1. Identification of a representative βGUS ortholog

To develop a vHTS platform for discovering inhibitors of βGUS, we first identified an ortholog of βGUS against which we could screen the NCATS chemical library. Herein, we focused our vHTS efforts on “H11G11-BG,” a representative βGUS ortholog implicated in the processing of regorafenib-glucuronide, a glucuronide metabolite of the tyrosine kinase inhibitor regorafenib used to treat metastatic colorectal cancer, hepatocellular carcinomas, and gastrointestinal stromal tumors17,21,25. The H11G11-BG protein was first identified as a βGUS gene encoded by the human fecal metagenome17.

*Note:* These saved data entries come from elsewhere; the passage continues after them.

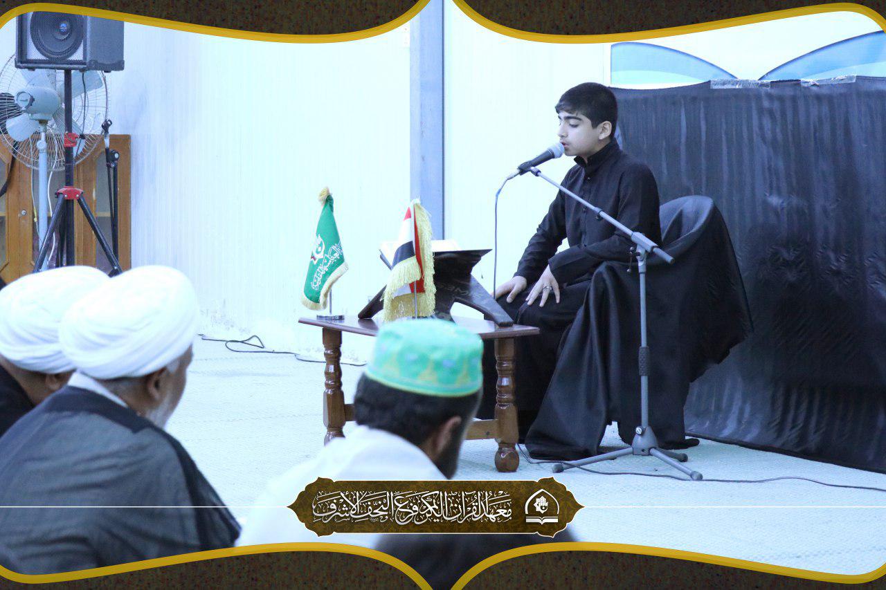 أقام معهد القُرآن الكريم / فرع النّجف الأشرف التابع للعتبة العبّاسيّة المقدّسة محفلاً قرآنيّاً مُباركاً ضمن مشروع المحطّات القُرآنيّة التعليمية في الزّيارة الأربعينيّة الذي تقيمه الهيئة القرآنية العليا في العتبات والمزارات المقدسة حيث افتُتِحُ المحفل بتلاوة مُباركة، تلَتها كلمةُ معتمد سماحة السيد السيستاني (دام ظلُّه) وتضمّن المحفل مشاركة القارئ (البرعم عليّ مسلم) أحد طلبة مشروع أمير القُرّاء الوطني. وفي فقرة الحفظ شارك الحافظ (البرعم صادق يونُس)، وهو من طلبة معهد القرآن الكريم فرع النجف الأشرف. وتخّللت فقرات المحفل أسئلة قرآنيّة طُرحت على الحاضرين ووُزّعت الهدايا على أصحاب الإجابة الصحيحة. وكان لزوار الإمام الحسين (عليه السلام) مشاركة بتلاوة قرآنية عَطِرة، وكان اختتام المحفل بتلاوة عطرة شغفت قلوب السامعين. ومن الجدير بالذكر ان معهد القرآن الكريم التابع للعتبة العباسية المقدسة يقيم العديد من النشاطات الفاعلة والمثمرة فضلاً عن المشاريع الرائدة التي تعتبر الأولى من نوعها على الساحة القرآنية من اجل نشر شذى ربيع القلوب بين أواسط المجتمع
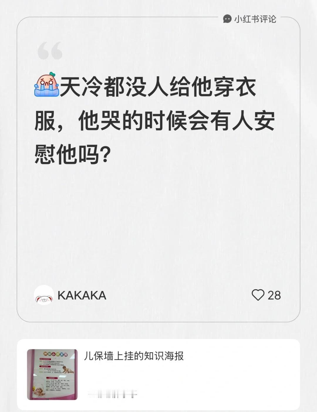 我在嘟嘟胖乎乎的笔记[笔记]下发布了一条评论 [流泪]天冷都没人给他穿衣服,他哭的时候会有人安慰他吗?
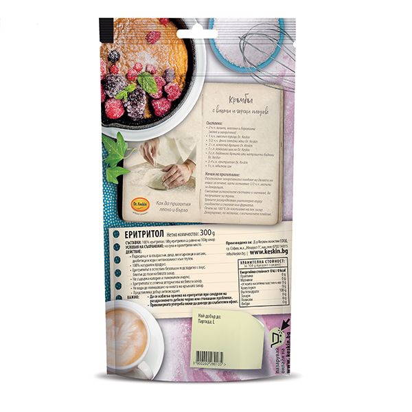 | Съставки | 100% еритритол (Е968) – кристален многовалентен алкохол. Натурален продукт, получен чрез ферментация на царевица. |
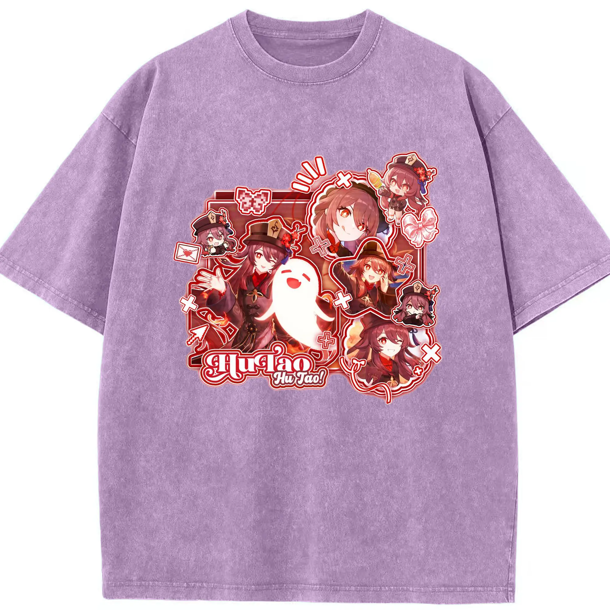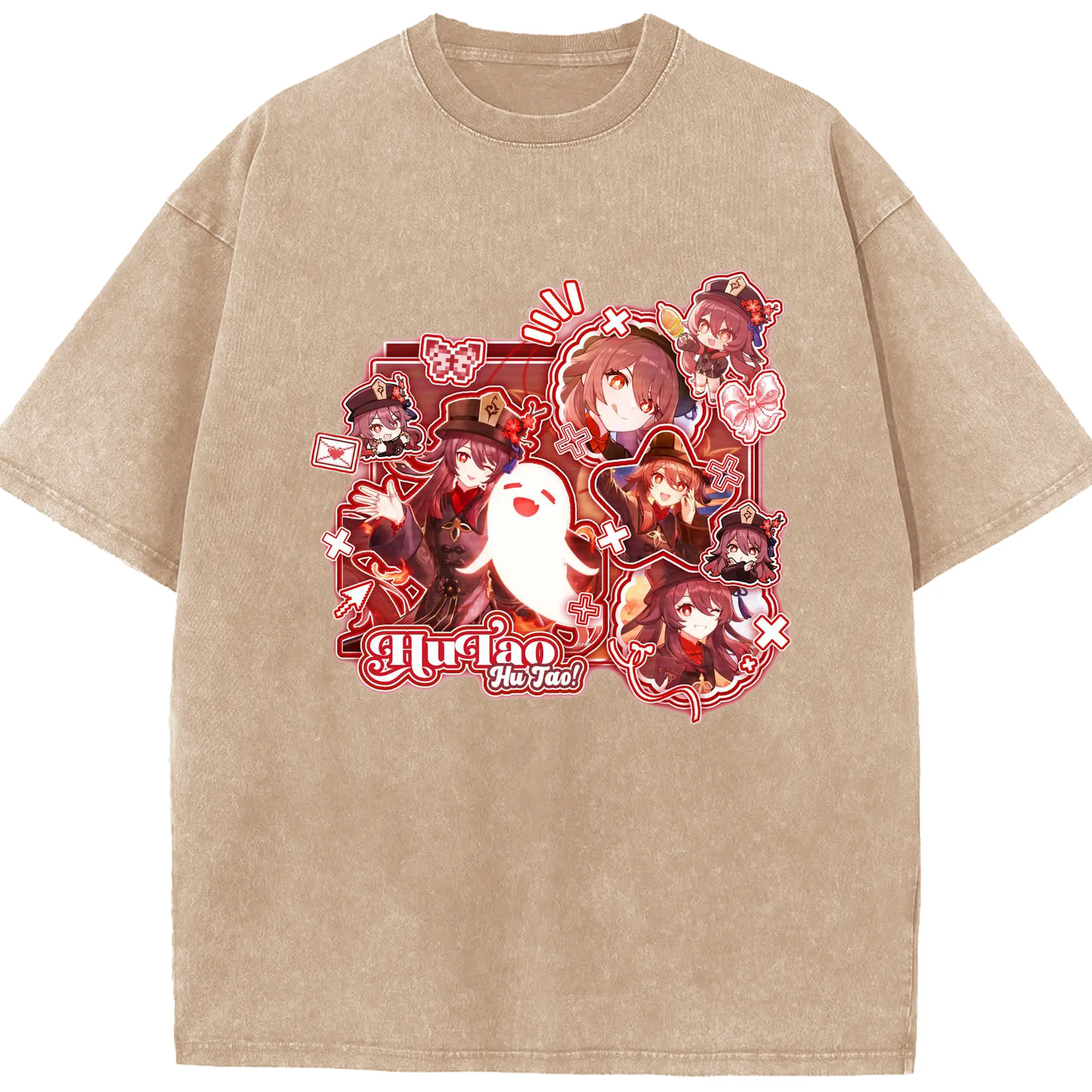 Genshin リーユエ フータオ - 綿100% ヴィンテージ風 半袖Tシャツ ・ フロントプリント ・ 柔らか肌触り ・ 通気性 快適 ・ スポーツ カジュアル 外出用

We isolated the H11G11-BG genetic sequence (NCBI Accession: CBJ55484) and purified the recombinant protein for biochemical hit validation, per the procedure of Wallace et al22. Briefly, we codon optimized the nucleotide sequence for translation in E. coli and inserted the gene into a pLIC-His vector with ampicillin resistance and linkage to an N-terminal 6x-Histidine affinity tag for downstream purification. We then transformed competent cells (E. coli BL21-DE3), grew them to an OD600 of 0.6, and induced gene expression with IPTG. Then, we centrifuged the cells and resuspended them in buffer. Resuspended cells were supplemented with protease inhibitors and lysozyme, and were sonicated for cell lysis. Following an additional centrifugation to pellet cell debris, the cell lysate (supernatant) was collected and poured onto a column pre-loaded with 5 mL His-NTA resin. The cell lysate was washed to remove non-specific proteins. H11G11-BG was eluted and the resulting fractions collected and combined. We employed size exclusion as a final purification step and eluted protein isolate into 20 mM HEPES, pH 7.4, and 50 mM NaCl for biochemical activity assays. Then, we assessed purity by SDS-PAGE gel separation and gel filtration elution (>90% purity); we determined protein concentration using a spectrophotometer at a 280 nm absorption setting, using a standard combination of molecular weight, extinction coefficient, and Beer-Lambert Law calibration data to calculate concentration. The 754-residue amino acid (AA) sequence of H11G11-BG is cataloged in Universal Protein resource (UniProt) (https://www.uniprot.org/)37 as D5GU7138.

2. Homology modeling with MOE

The 2019 version of Molecular Operating Environment (MOE) (https://www.chemcomp.com/Products.htm)39 was used to generate a single-template homology model of our βGUS ortholog. To guide the selection of a template for homology modeling, we queried the H11G11-BG FASTA sequence in the Basic Local Alignment Search Tool (BLAST) (https://blast.ncbi.nlm.nih.gov/Blast.cgi)40; this search gave the closest relatives of H11G11-BG homologs are β-glucuronidases and β-galactosidases. Nine potential templates were identified using an arbitrary benchmark of 80% sequence identity as the cutoff. In combination with the query results from sequence alignments in MOE based on the data from the most recent versions of the Protein Data Bank (PDB) (https://www.rcsb.org/)41 and UniProt (as were available when we completed this study in Summer 2019), the top five hits with the lowest p-value from two-sample similarity testing were selected and further curated. A point accepted mutation (PAM) matrix was generated to identify the best template chain with the highest residue similarity to our sequence of H11G11-BG, the lowest p-value and best sequence coverage of the homology model. We selected 6MVH (a flavin mononucleotide-binding β-glucuronidase isolated from Roseburia hominis; https://www.rcsb.org/structure/6MVH)42 as the most optimal template for βGUS and generated the homology model followed by force field-based energy refinement. 6MVH presented 58.5% sequence identity and 73% positive matching to our query sequence H11G11-BG, which is nearly double the benchmark 30% necessary for the confident generation of a predictive quaternary structure43.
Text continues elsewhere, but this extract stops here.